══ RECORDED INFORMATION
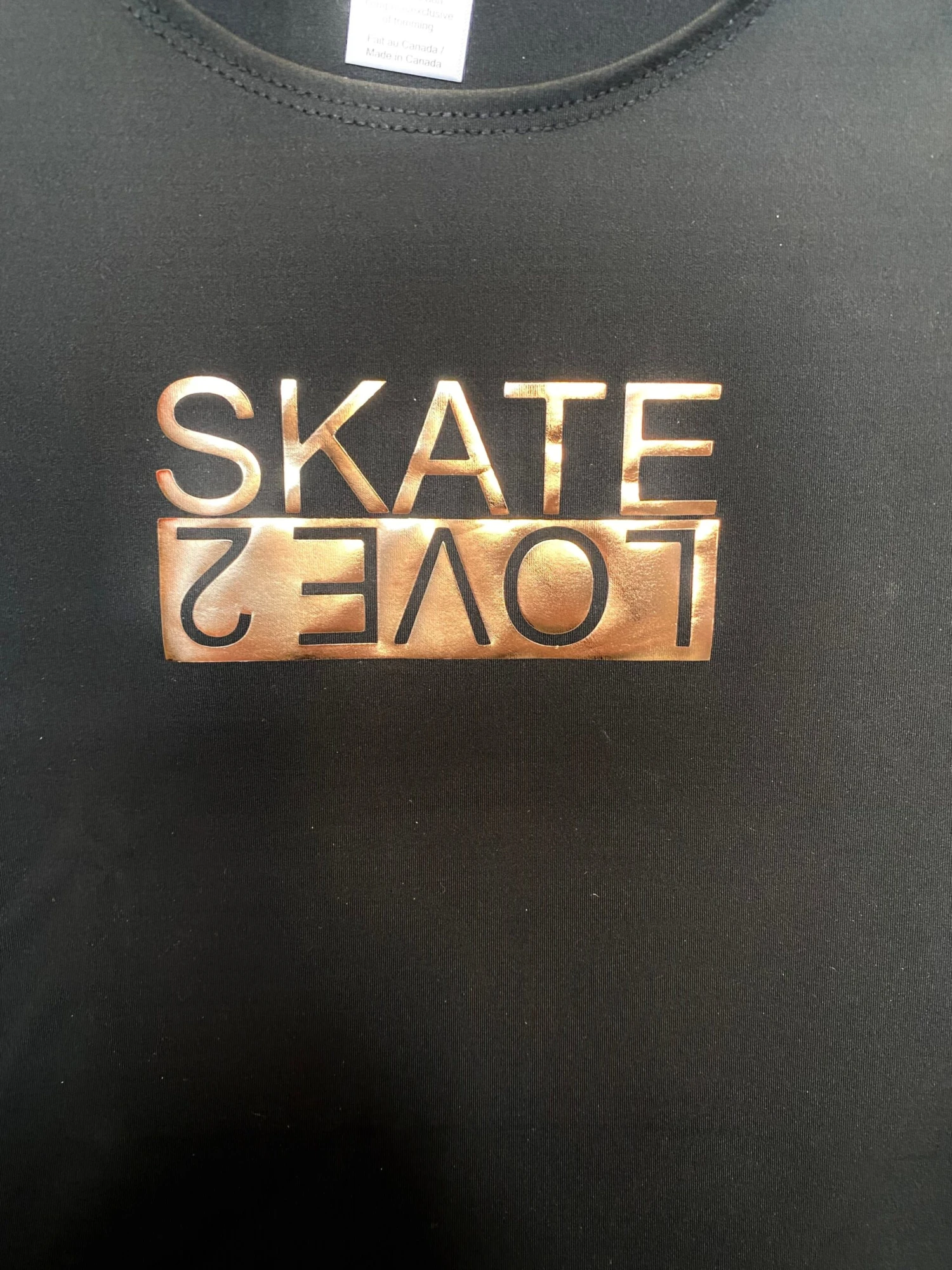Black figure skating training shirt with rose gold print on front. Fitted style, longer cut. Scoop neck.Â
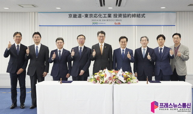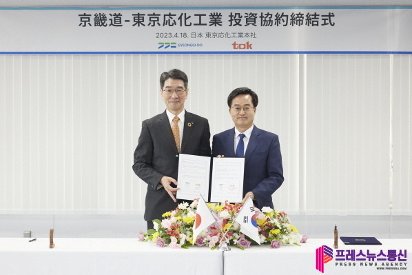 김동연 경기도지사는 방일 3일 차인 18일 일본 가나가와현 가와사키시 도쿄오카공업 본사에서 타네이치 노리아키(Taneichi Noriaki) 일본 도쿄오카공업 대표이사와 이 같은 내용의 투자협약을 체결했다.
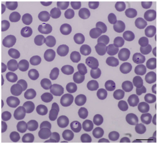 Thin blood film with Plasmodium falciparum trophozoites, Giemsa stain, original magnification 1000×. Scale bar: 10 µm
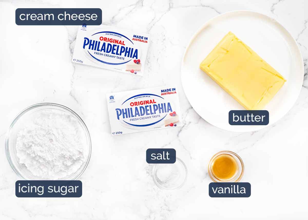 Cream cheese – Use block cream cheese, not the spreadable kind that comes in tubs (it’s too soft). If spreadable is all you can get, add a little extra icing sugar to firm up the frosting.
════
PROBLEM >>
The answer must consist solely of the lines from the line containing "Thin blood film" to the end of the data, reproduced exactly, with every picture left out.

SOLUTION TO THE PROBLEM >>
 Thin blood film with Plasmodium falciparum trophozoites, Giemsa stain, original magnification 1000×. Scale bar: 10 µm
 Cream cheese – Use block cream cheese, not the spreadable kind that comes in tubs (it’s too soft). If spreadable is all you can get, add a little extra icing sugar to firm up the frosting.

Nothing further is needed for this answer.